▶ [EXTRACTED ENTRIES]
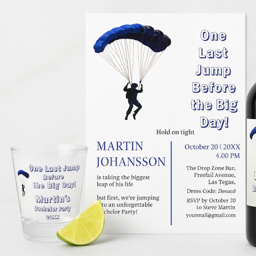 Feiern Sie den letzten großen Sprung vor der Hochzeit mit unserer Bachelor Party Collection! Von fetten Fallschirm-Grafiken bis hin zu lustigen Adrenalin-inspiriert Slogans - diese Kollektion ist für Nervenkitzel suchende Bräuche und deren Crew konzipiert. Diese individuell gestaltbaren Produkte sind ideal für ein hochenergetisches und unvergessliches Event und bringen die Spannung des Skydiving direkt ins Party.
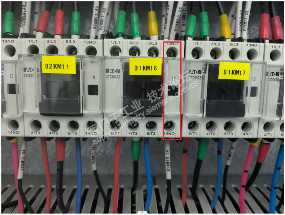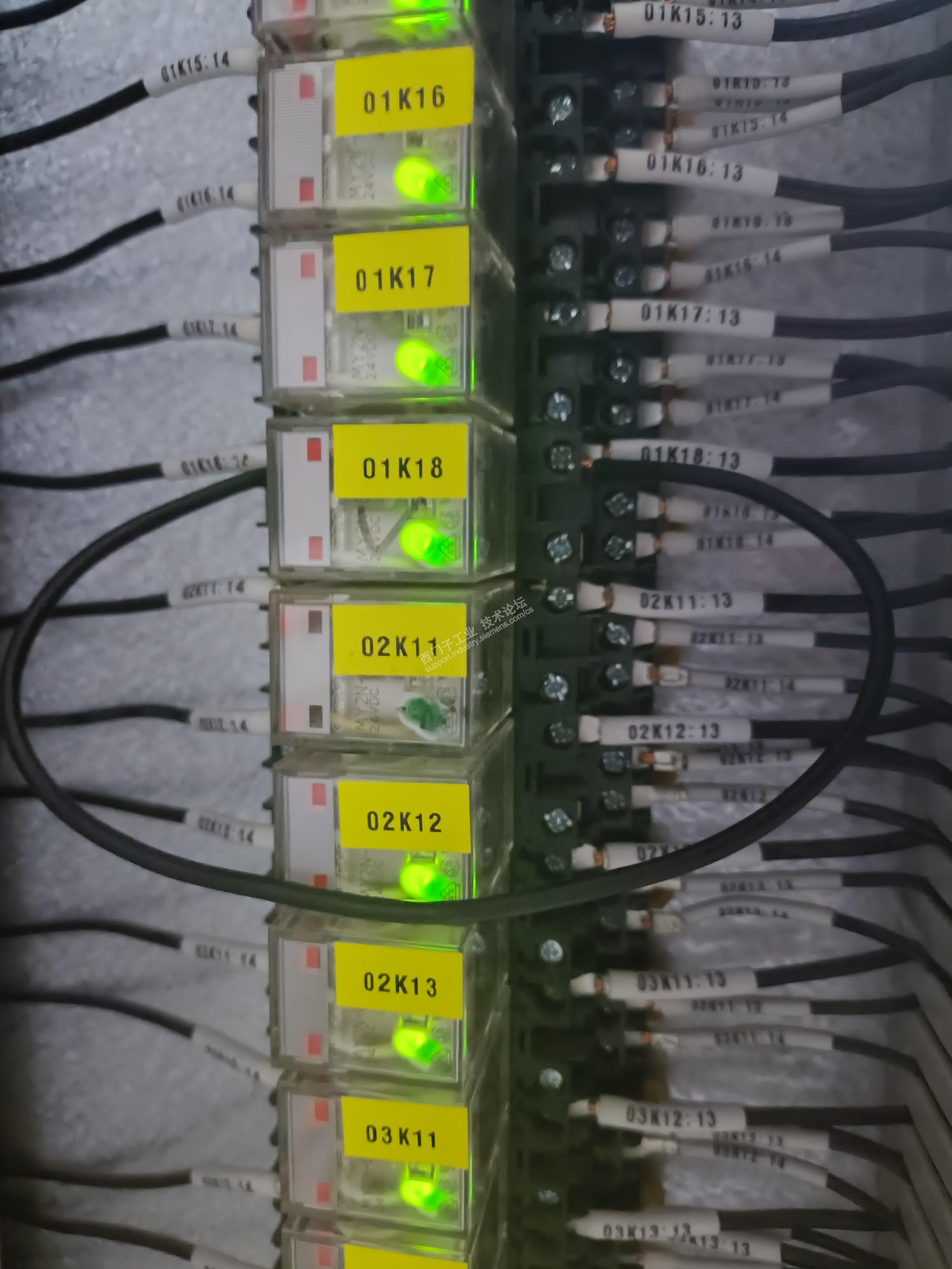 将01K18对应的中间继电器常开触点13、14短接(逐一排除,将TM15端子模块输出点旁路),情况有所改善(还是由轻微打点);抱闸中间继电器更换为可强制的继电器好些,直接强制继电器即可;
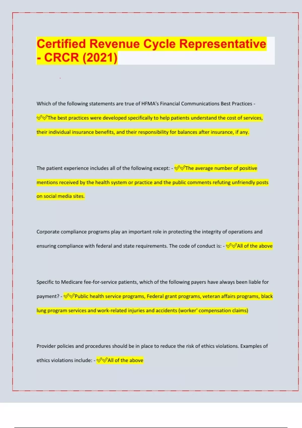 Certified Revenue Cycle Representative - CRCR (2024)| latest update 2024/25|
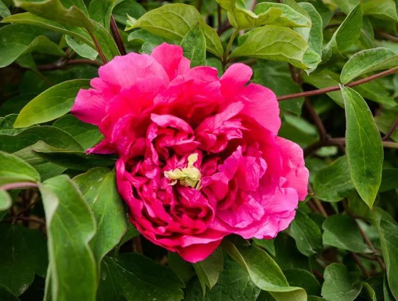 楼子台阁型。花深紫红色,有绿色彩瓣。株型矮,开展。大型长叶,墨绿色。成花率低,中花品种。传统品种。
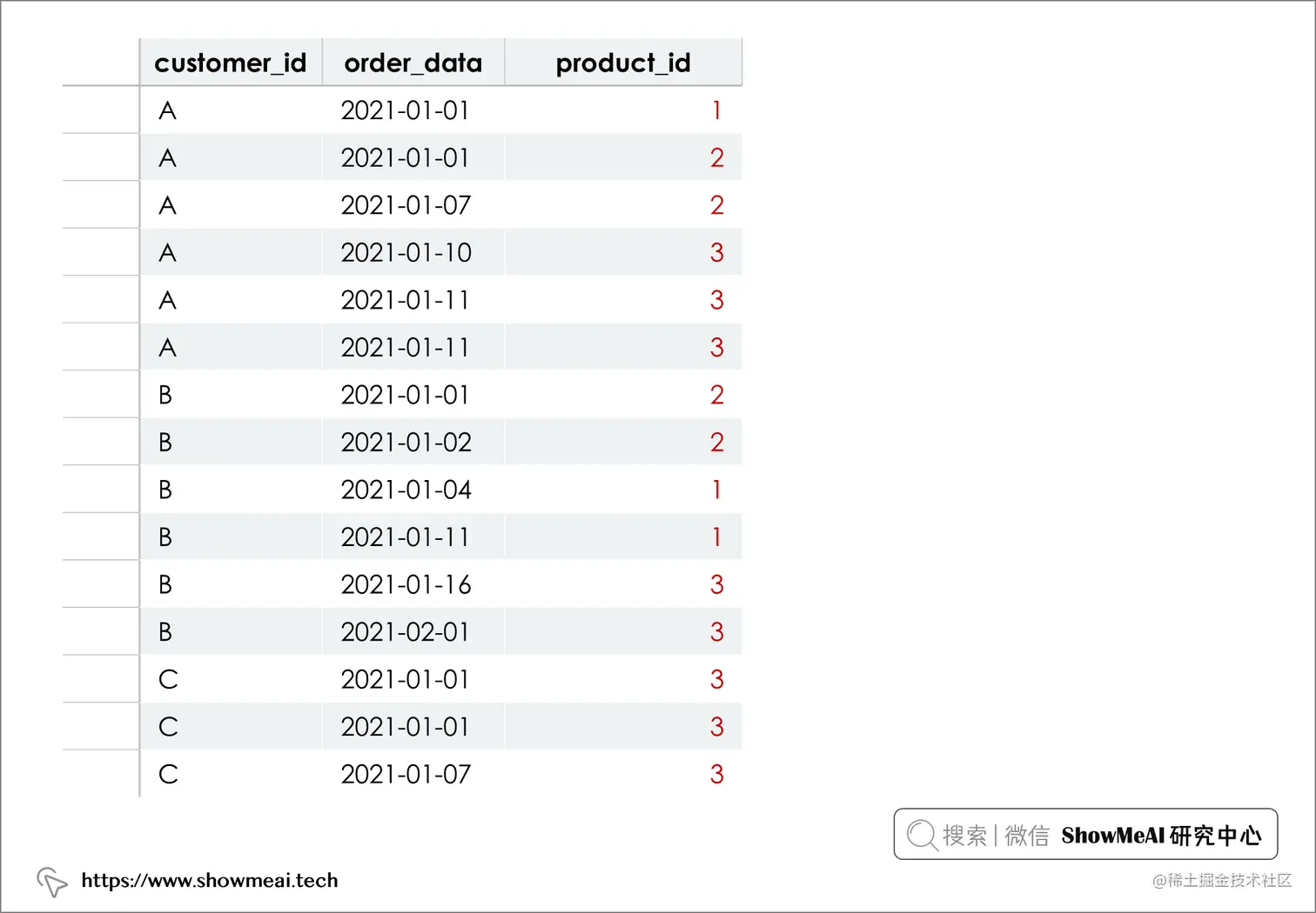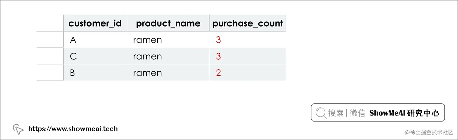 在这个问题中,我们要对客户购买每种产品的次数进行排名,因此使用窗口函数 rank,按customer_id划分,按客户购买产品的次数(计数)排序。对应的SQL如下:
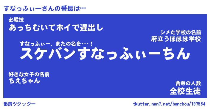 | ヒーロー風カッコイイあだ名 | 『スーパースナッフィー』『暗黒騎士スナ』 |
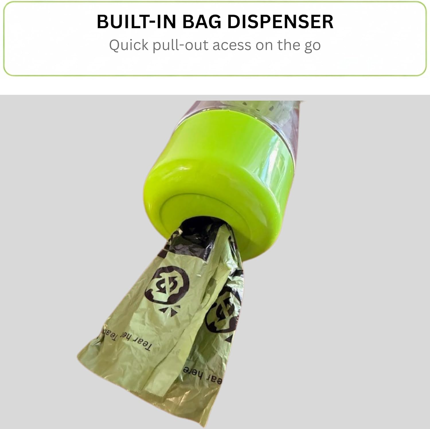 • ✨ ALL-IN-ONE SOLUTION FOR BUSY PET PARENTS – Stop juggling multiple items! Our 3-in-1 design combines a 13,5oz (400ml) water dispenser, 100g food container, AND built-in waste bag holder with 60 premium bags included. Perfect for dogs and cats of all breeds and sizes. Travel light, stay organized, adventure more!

---

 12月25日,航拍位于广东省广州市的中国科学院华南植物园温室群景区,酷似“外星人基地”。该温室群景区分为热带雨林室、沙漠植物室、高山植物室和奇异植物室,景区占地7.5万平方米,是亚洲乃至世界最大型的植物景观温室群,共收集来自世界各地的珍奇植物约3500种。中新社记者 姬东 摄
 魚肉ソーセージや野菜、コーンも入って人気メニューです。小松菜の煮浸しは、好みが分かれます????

* * *

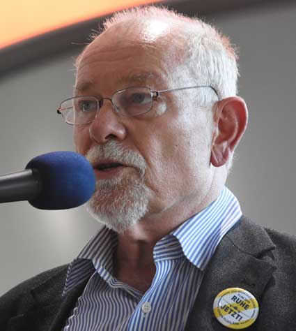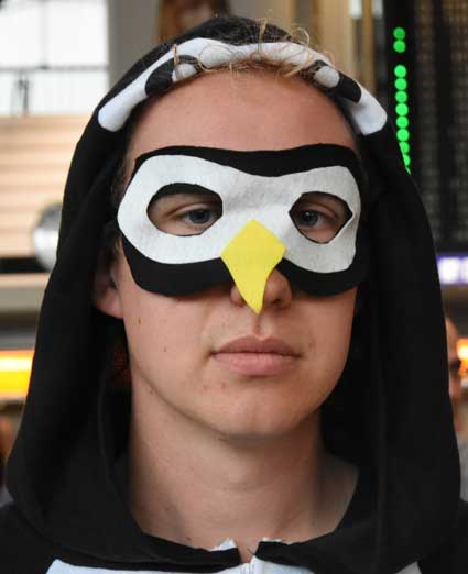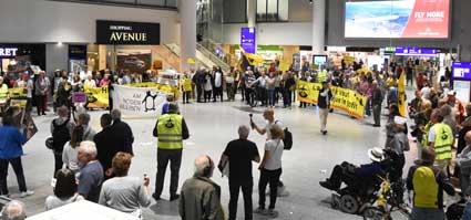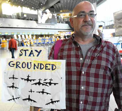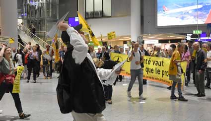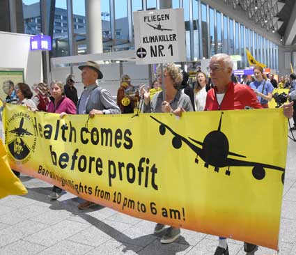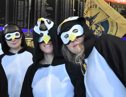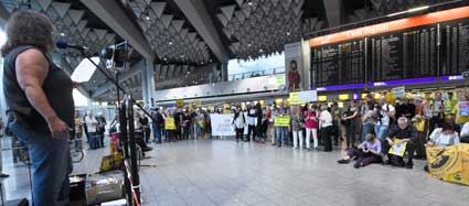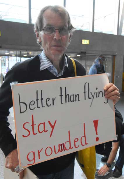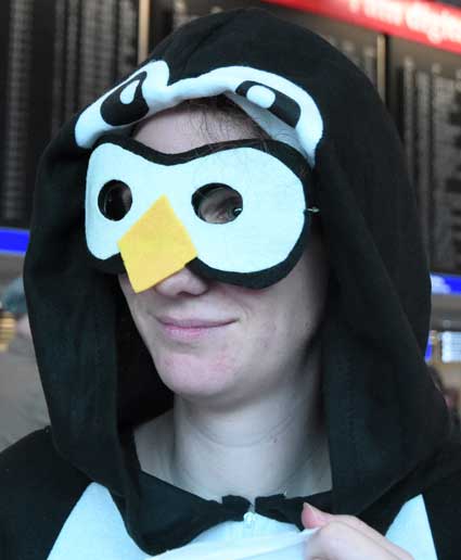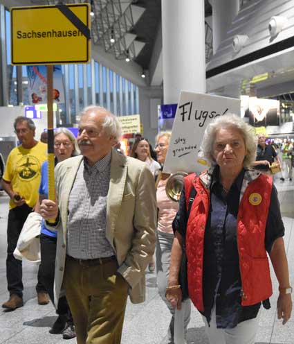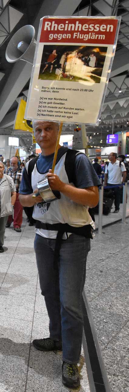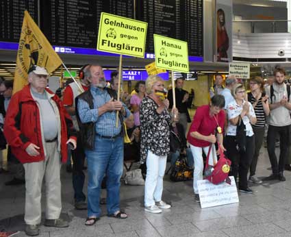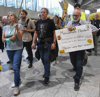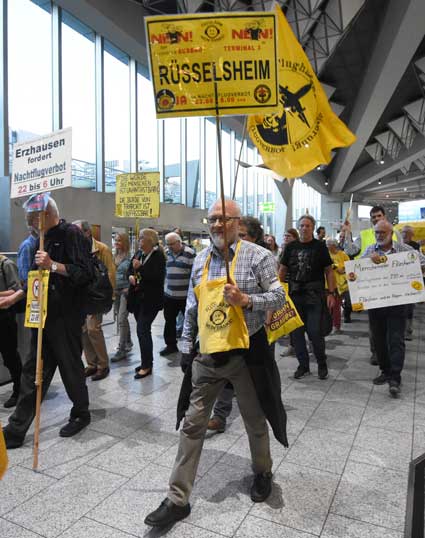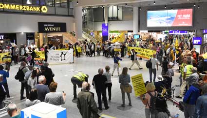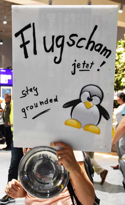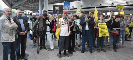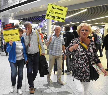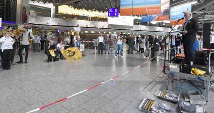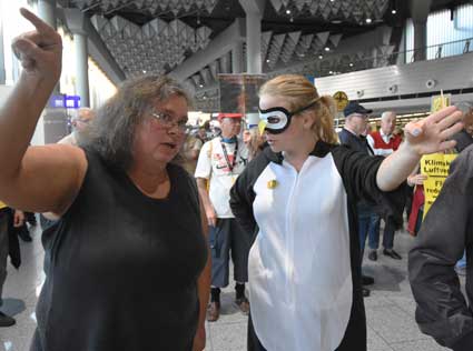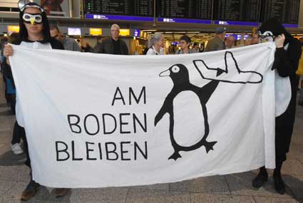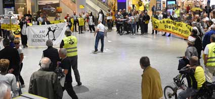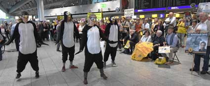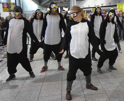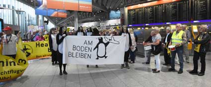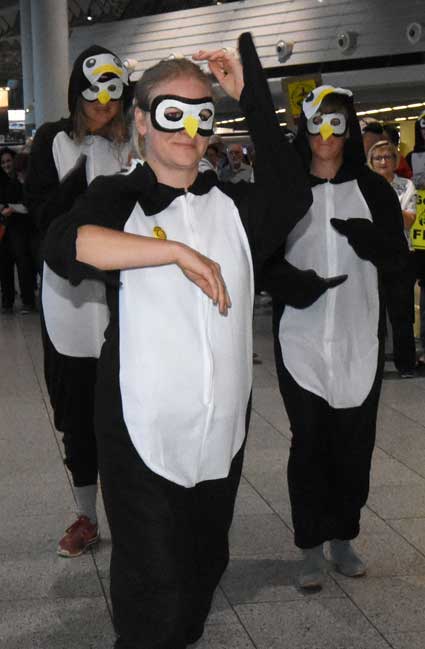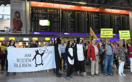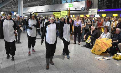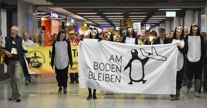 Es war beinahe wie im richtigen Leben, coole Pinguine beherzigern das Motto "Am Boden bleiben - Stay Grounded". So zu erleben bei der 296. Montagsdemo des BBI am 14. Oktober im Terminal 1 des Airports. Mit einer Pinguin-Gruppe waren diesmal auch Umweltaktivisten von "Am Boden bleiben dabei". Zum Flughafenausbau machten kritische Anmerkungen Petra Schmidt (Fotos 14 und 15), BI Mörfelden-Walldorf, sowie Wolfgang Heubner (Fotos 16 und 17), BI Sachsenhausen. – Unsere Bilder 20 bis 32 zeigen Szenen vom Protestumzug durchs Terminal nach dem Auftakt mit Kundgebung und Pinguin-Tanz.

▶ [ASSIGNED TASK] Copy out exactly the material that runs from the line with "在这个问题中,我们要对客户购" to the line with "organized, adventure more!", ends included, and leave the pictures behind.

▶ [RESPONSE AREA]
 在这个问题中,我们要对客户购买每种产品的次数进行排名,因此使用窗口函数 rank,按customer_id划分,按客户购买产品的次数(计数)排序。对应的SQL如下:
 | ヒーロー風カッコイイあだ名 | 『スーパースナッフィー』『暗黒騎士スナ』 |
 • ✨ ALL-IN-ONE SOLUTION FOR BUSY PET PARENTS – Stop juggling multiple items! Our 3-in-1 design combines a 13,5oz (400ml) water dispenser, 100g food container, AND built-in waste bag holder with 60 premium bags included. Perfect for dogs and cats of all breeds and sizes. Travel light, stay organized, adventure more!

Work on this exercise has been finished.